Within nations, there are local cultures that don't often mix well. A few years ago, football star Adrian Peterson nearly lost his career when he disciplined his son by punishing him with a licking with a switch. That's the way he'd been brought up in Texas, with the switch not spared. Culturally, Peterson was subjecting his son to a form of discipline that had been administered in his own family for generations. He thought he was being a good parent for doing what his parents had done to shape him up. But corporal punishment of children had become unacceptable to families working from other assumptions, and his career and public reputation were in tatters.

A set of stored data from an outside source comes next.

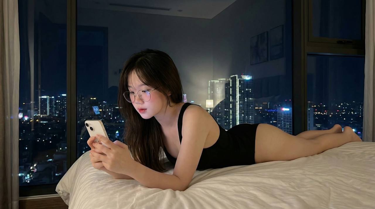 Lighting: soft overhead room light on her face and body, subtle amber reflection off the phone screen. Midnight city neon through glass. Warm ambient room light. Vintage film grain effect.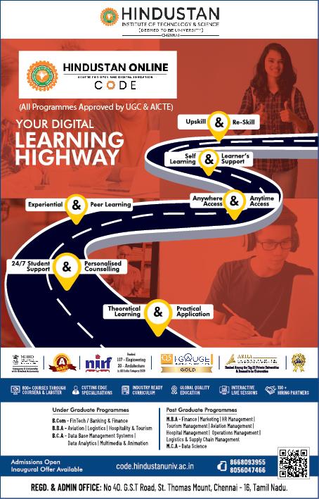 10 August 2021 is a significant day in the history of Hindustan Institute of Technology & Science. The day marks the Inauguration of Centre for Open and Digital Education (CODE) and the Unveiling of “Symphony at the Jubilee”, the mural at the Jubilee Block. CODE is an inclusive online learning platform of Hindustan launched to spread the light of knowledge to seekers who cannot physically join an Institution for higher studies. It aims to empower, enrich, enhance career prospects and enable inclusive education accessible anywhere. Thiru. Dr. K. Ponmudi, Hon’ble Minister of Higher Education, Govt. of Tamil Nadu presided over the event as the Chief Guest and unveiled the CODE plaque. Prof. M. P. Poonia, Vice Chairman, AICTE graced the occasion as the Guest of Honour. Col. Dr. G. Thiruvasagam, President, Association of Indian Universities, New Delhi; and Thiru. S. S. Balaji, MLA Thiruporur offered felicitations.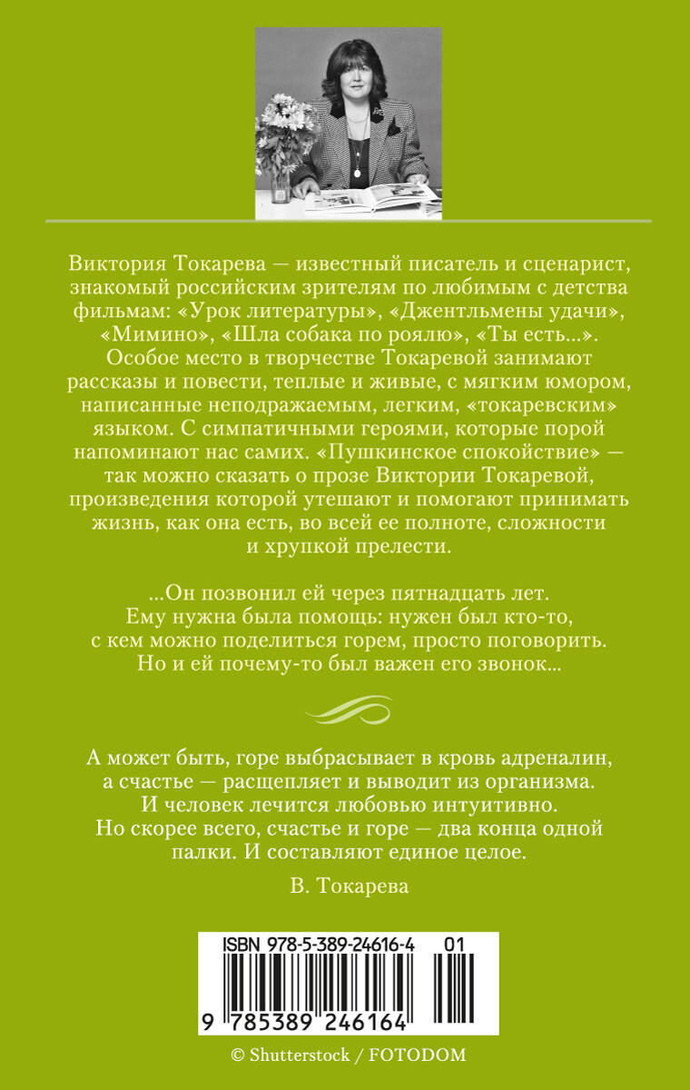 Виктория Токарева - известный писатель и сценарист, знакомый российским зрителям по любимым с детства фильмам: "Урок литературы", "Джентльмены удачи", "Мимино", "Шла собака по роялю", "Ты есть...". Особое место в творчестве Токаревой занимают рассказы и повести, теплые и живые, с мягким юмором, написанные неподражаемым, легким, "токаревским" языком. С симпатичными героями, которые порой напоминают нас самих. "Пушкинское спокойствие" - так можно сказать о прозе Виктории Токаревой, произведения которой утешают и помогают принимать жизнь, как она есть, во всей ее полноте, сложности и хрупкой прелести. ...Он позвонил ей через пятнадцать лет. Ему нужна была помощь: нужен был кто-то, с кем можно поделиться горем, просто поговорить. Но и ей почему-то был важен его звонок… В настоящее издание вошли повести и рассказы 2000-х годов.| Издательство | Азбука-Аттикус Издат.группа ООО |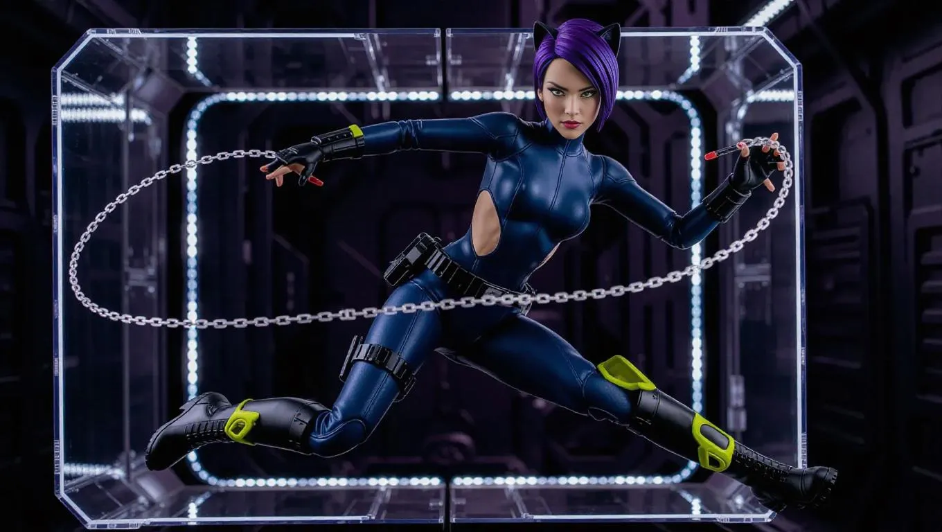 A sleek, futuristic female android action figure in a form-hugging, navy-blue catsuit with cut-out sections exposing her cybernetic enhancements. Biker boots with bright-yellow accents, utility belt with miniature gadgets. Short, dark-purple hair in a spiky style, cat-like, glowing green eyes. Dynamic, leaping pose, holding a charged whip. Transparent, cube-shaped packaging with cycling LED lights, highlighting the sheen and sleek lines, exuding an enigmatic, striking vibe.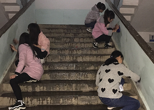 志愿者清潔樓梯過道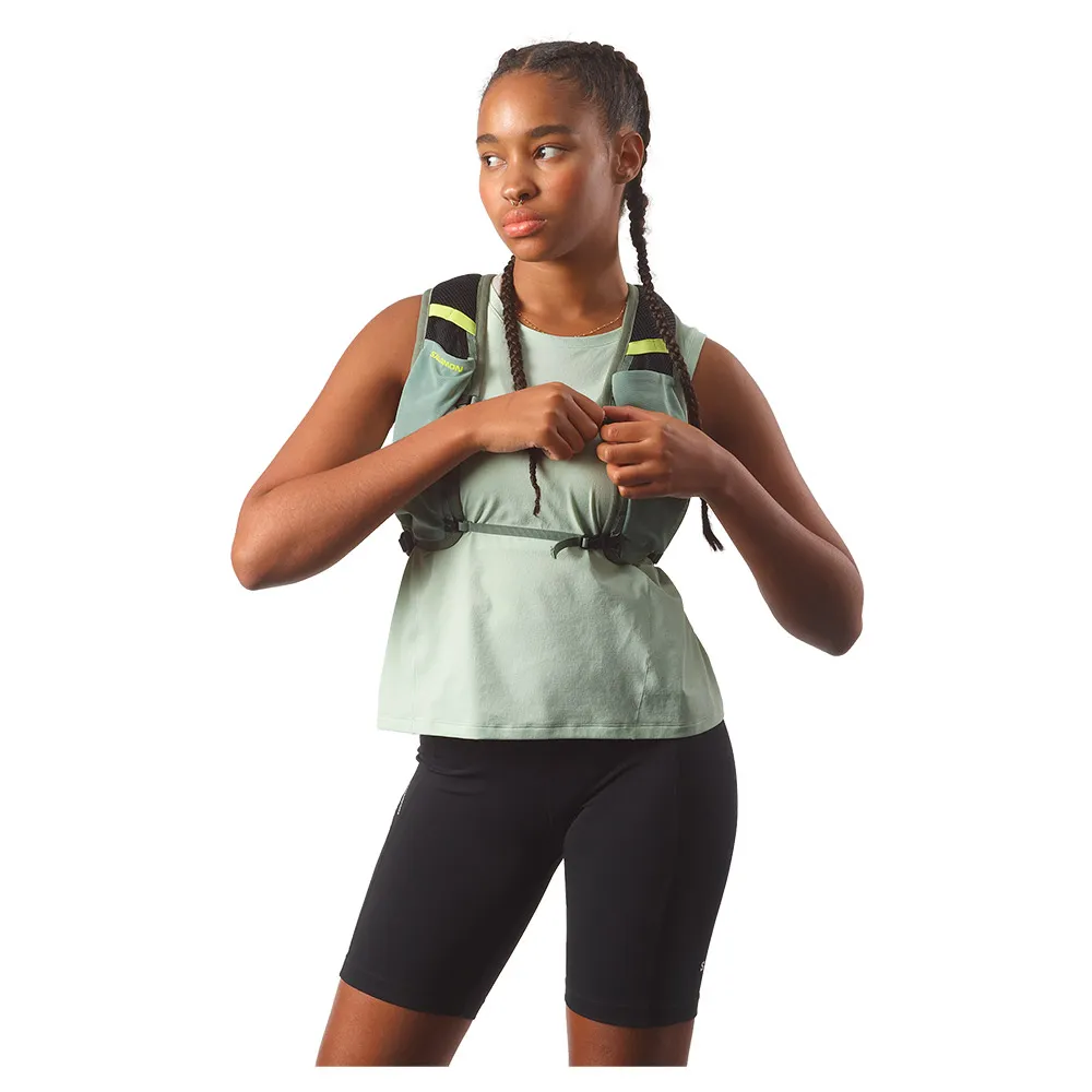 - 2 front flask pockets: Designed to fit Salomon soft flasks, these front pockets limit bouncing. Top elastic loops secure your flasks and keep them ready to drink.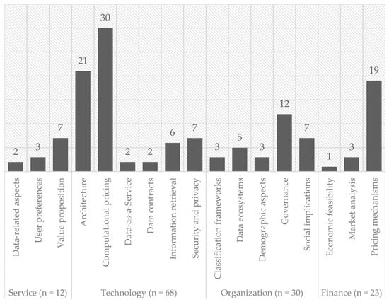 Most publications fall within the STOF technology domain. This domain is divided into six categories (refer to Table 3). In our sample, the first identified category is architecture. Architecture of data marketplaces can be loosely described as building blocks of technical components. The discussion in the architecture category is primarily dominated by blockchain-based systems, which relates to the development of peer-to-peer and decentralized data marketplaces [27,28]. Specifically, the blockchain systems are applied to specific contexts such as the automotive domain [29,30], private data sharing [31], Internet of Things (IoT) [32,33,34,35], or smart cities [36]. In other cases, blockchain-based systems are employed for proposing auditing schema [37], credit scoring [38], data transaction integrity [39], and Proof of Usage (PoU) algorithm [40]. Beyond the blockchain-based systems, the proposed architecture specifically highlights data access and control based on the International Data Space (IDS) reference architecture [14]. Beyond the blockchain-based architecture, Matzutt et al. [41] discuss a conceptual architecture for personal data marketplaces, focusing on protecting data privacy, while Mišura and Žagar [42] focus on IoT devices. In addition, Sánchez et al. [43] propose a data marketplace architecture to federate multiple-domain IoT; Pillmann et al. [44] propose an information model to provide a single point of access for vehicle data. Finally, Li et al. [45] propose a cost-efficient middleware for data acquisition service; Ren et al. [46] introduce infrastructure architecture for data placement.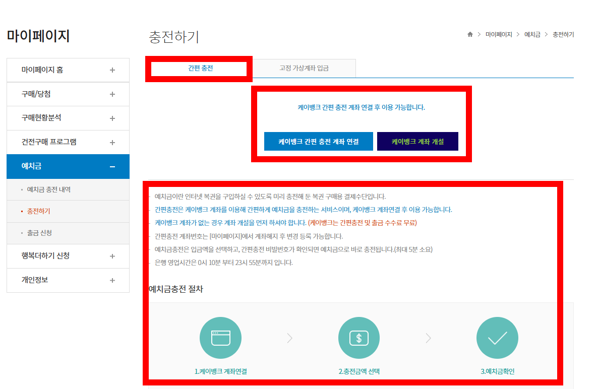 간편 충전은 케이뱅크 계좌를 개설하여 계좌 연결 후 예치금(복권을 구매하는 금액)을 충전하는 방법입니다.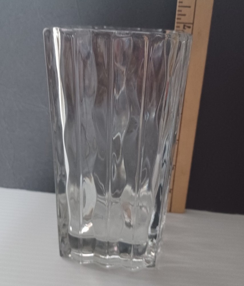 This stunning Studio Nova vase is a true statement piece! The elegant square shape and beautiful vertical wave pattern catch the light beautifully, adding a touch of sophistication to any space. The thick, high-quality pressed glass feels luxurious, and the signed craftsmanship ensures authenticity. Perfect for fresh flowers or as a standalone decor piece—absolutely love it!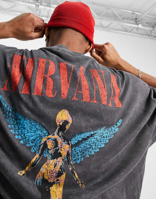 ASOS DESIGN oversized t shirt with Nirvana angel back print in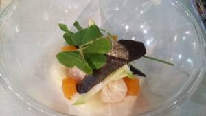 Fortunatamente veniamo piacevolmente distratti dallo chef altoatesino Theodor Falser, protagonista del primo showcooking in programma, il quale prepara per noi il Ceviche di Salmerino con zucca, navone rapa, mela verde e chips di riso selvatico e la Pancia d’Agnello con radice di luce, polvere di cipolla rossa e grano saraceno soffiato su crema di patate fermentate.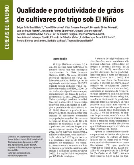 Qualidade e produtividade de grãos de cultivares de trigo sob El Niño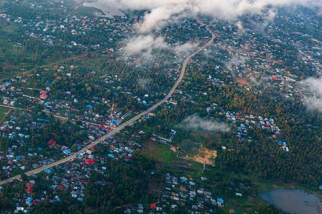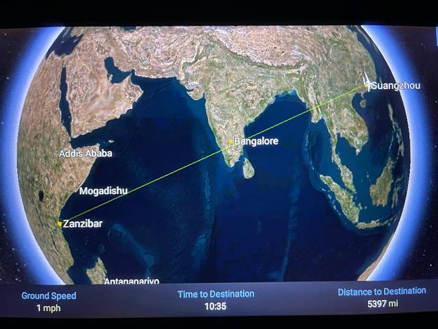 经过一路不断变化的空中美景之后,机上广播提示飞机即将到达本次行程的第一站: 桑给巴尔岛 。飞机外的景色也开始变得更加多元化,渐渐地出现了陆地的模样和城市的车水马龙。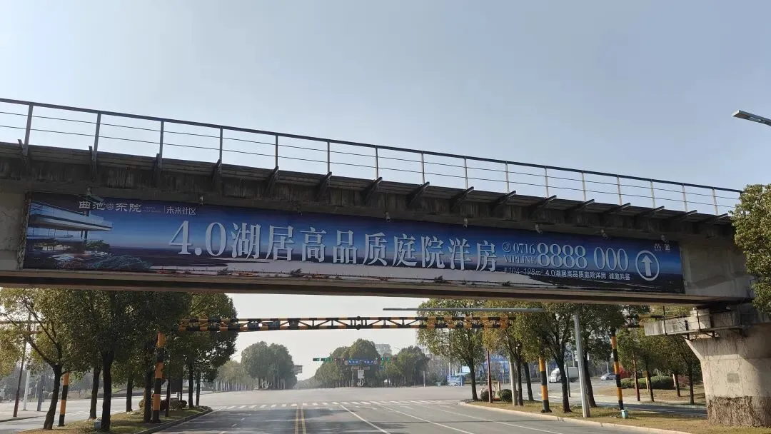 占据文旅区核心交通要道,横跨铁路桥醒目位置,画面超长超震撼,视觉冲击力极强。途经车辆与行人一眼即可捕捉,天然形成强制关注效果,是打造区域品牌地标、快速提升知名度的首选户外媒体。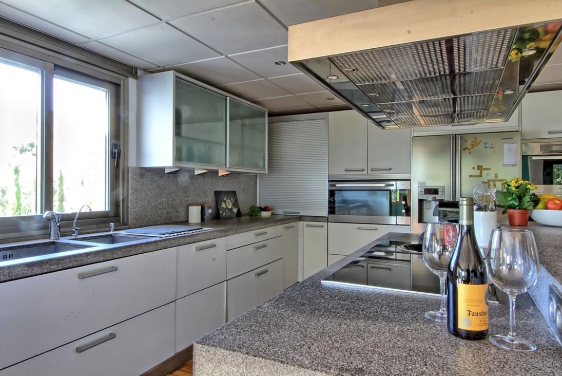 - cocina con cocina de inducción, horno eléctrico, microondas, lavavajillas, frigorífico, congelador, máquina de hielo, cafetera y tostador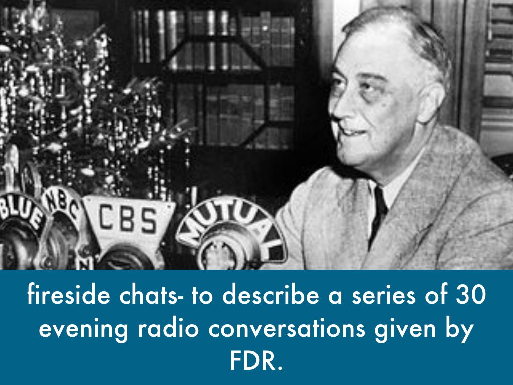fireside chats- to describe a series of 30 evening radio conversations given by FDR.

Peterson sounds as though he’d be a good fit in China, where according to the Get Schooled essay, “when 3-year-old Rainey begins an elite preschool refusing to eat eggs, his teachers force-feed him. When he balks at napping, teachers warn him the police will take him away. Other willful acts by children are met with threats their mothers will not return to pick them up at the end of the day.” But not in Minnesota, where his football career had taken him to, and where it nearly ended because of the severe disciplinary methods he used in his home.
I’m not here to attack or defend whipping kids with switches, being a Tiger Mom, or raising your taxes. (Well, I’d defend the last one, and I’m sure many of you would attack.) My point is simply to say that you can’t take something out of its national or cultural context, deposit it neatly into one that’s quite different, and expect it to work the same.
We may well have something to learn from how other nations educate their children. But ignoring why those practices work there will have consequences here. If you have Finland Envy, or China Envy, or Japan Envy, make sure that you envy the whole country and how it is structured and populated before you isolate a schooling practice and insist we should institute it here.